A Crucial Motion Ignored
On August 27, 2025, Smocks filed a Motion to Stay Proceedings. That filing detailed ongoing negotiations with Silberman and Brownstein, who were preparing to enter the case pro hac vice. The motion sought only a temporary pause so that counsel could formally appear and continue settlement talks with the U.S. Department of Justice. Yet the district court took no action—effectively cutting off the California attorneys before they could even appear. Just weeks later, the court entered judgment against Smocks.
The appeal that followed to the United States Court of Appeals for the Fifth Circuit included a renewed Motion to Stay, noting that both sides were in good-faith settlement discussions. The filing underscored the irony: while the litigants themselves sought resolution, the district court’s inertia stood in the way of progress.
A Judge Under Scrutiny
The story does not end there. The motion highlights that Silberman and Brownstein were officially recognized as counsel in ongoing negotiations, a sign that the case had finally attracted the kind of serious legal attention it deserved.

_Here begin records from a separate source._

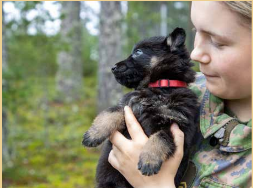
Sotakoiraopentu tutustumassa ulkoilmaan
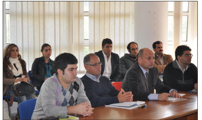
Seminere öğretim üyeleri ve öğrenciler yoğun ilgi gösterdi

Öğrencilere IMF’nin profesyonel kadrolarını oluştururken özellikle hangi eğitim ve deneyime sahip elemanlar aradığını aktaran Huddleston, IMF’de muhtemel bir kariyer için nasıl hazırlanılması gerektiği ve nelere öncelik verilmesi konusunda tavsiyelerde bulundu. Huddleston ayrıca 1949 ile 2000’li yıllar arasında dünyanın çeşitli bölgelerinde meydana gelen kriz ve sorunlardan bahsederek, 2000’li yıllarda çeşitli ülkelerin IMF ve Dünya Bankası’na olan borçlarını ödememesinin sonucu oluşan kriz, daha sonra ülkelerin IMF yerine dünya piyasalarından IMF koşulları olmadan borçlanmaya başlaması ve Euro bölgesi krizi üzere dokuz ana kriz ile ilgili izlenimlerini aktardı.
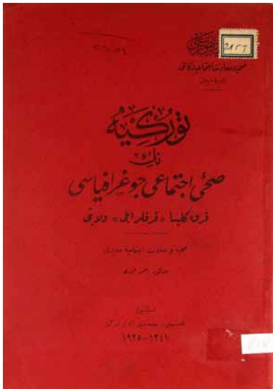
Resim 1. Türkiye'nin Sıhhi ve İçtimai Coğrafyası: Kırklareli Vilayeti adlı eserin kapak sayfası.

Beşinci bölümde yörede görülen hastalıklar hakkında bilgiler mevcuttur. Altıncı bölümde ise sadece 1923 yılına ait doğum ve ölüm rakamları verilmiştir. Kitabın sonunda ise bir Kırklareli haritası mevcuttur.
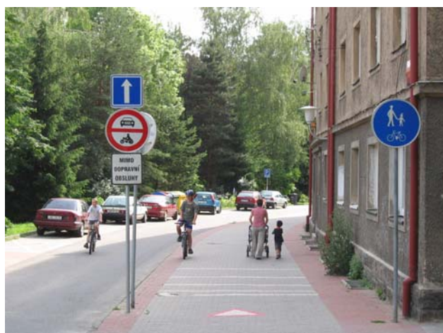
Obr. 3.19b: Příklad řešení vedení stezky pro chodce a cyklisty se společným provozem jednosměrnou komunikací (Liberec)
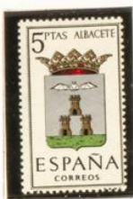
2 — Albacete

Compounding these concerns is Smocks’ Judicial Complaint lodged with the Fifth Circuit against Judge Amos L. Mazzant III, alleging bias and misconduct in the handling of cases involving Black litigants, including his own. The complaint cites specific rulings, procedural irregularities, and a broader culture of partiality within the Sherman Division of the Eastern District of Texas—issues that have raised eyebrows well beyond Texas. The complaint further alleges favoritism toward government defendants—concerns that, if true, strike at the very core of judicial integrity. It also documents a troubling timeline: a one-year stay imposed while Smocks’ elderly former attorney lay gravely ill, followed by swift rulings once that attorney passed away.

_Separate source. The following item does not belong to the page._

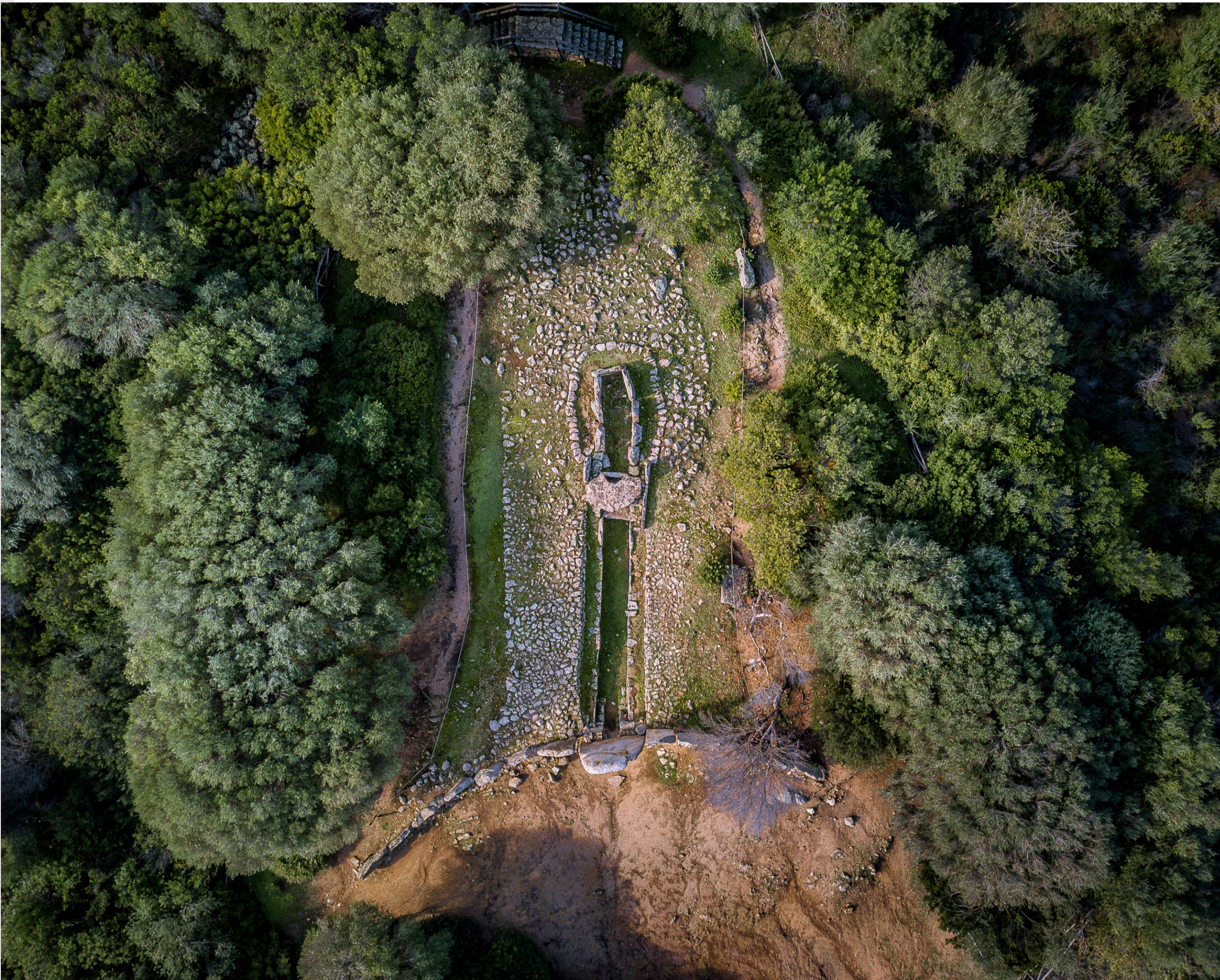
Quella di Li Lolghi è la piú maestosa delle tombe nuragiche del territorio di Arzachena e una delle piú grandi della Sardegna. L'aspetto monumentale risponde all'esigenza delle comunità di segnalare la propria presenza nel territorio.

Chissa di Li Lolghi è la piú maistosa di li tumbi naràggjichi di li cussoggi d'Arzachena e una di li piú manni di Saldigna. La fattura monumentalì rispondi a lu bisognu di la cumunitai di signalà la so' prisènzia illu tarritóriu.

Smocks asserts that this pattern reflects a denial of due process, one that has left him legally isolated until Silberman and Brownstein’s intervention.
Why Silberman and Brownstein Matter
By prioritizing the Smocks case, the California lawyers have taken on more than a single lawsuit—they’ve waded into the deeper question of whether America’s justice system still treats all citizens equally.
They are, in effect, testing the promise of the Constitution itself: that even the most controversial litigant deserves fairness, representation, and a day in court unclouded by politics or prejudice.
Their willingness to take on such cases when other members of the ABA wouldn’t speak to an older, nobler tradition of advocacy—the same tradition that once defended civil rights activists, war protesters, and whistleblowers. It is a reminder that true legal courage is not measured by applause, but by endurance.
“Justice is not for the fashionable—it’s for the forgotten.”
A Fight Bigger Than One Case
The Smocks case has now become a touchstone for questions about judicial conduct, accountability, and the weaponization of process. If the courts and the government can ignore fair motions and deny entry to counsel, what does that mean for anyone else seeking justice?
By standing firm, Barry D. Silberman and Graham Brownstein have demonstrated that the law still has defenders willing to challenge that erosion. They have offered more than representation—they have restored faith that fairness can still find its voice, even when silenced in the courtroom.
Final Word
At a time when justice has too often been filtered through ideology, these two attorneys remind the nation that the rule of law must apply to everyone—or it applies to no one.
For Brian Mock, Gina Bisignano, Gabriel Garcia, and Troy Smocks, that principle has found champions in Barry Silberman and Graham Brownstein. They didn’t wait for permission. They simply did what the moment required. And in doing so, they reminded America that when courage counts, silence is not an option.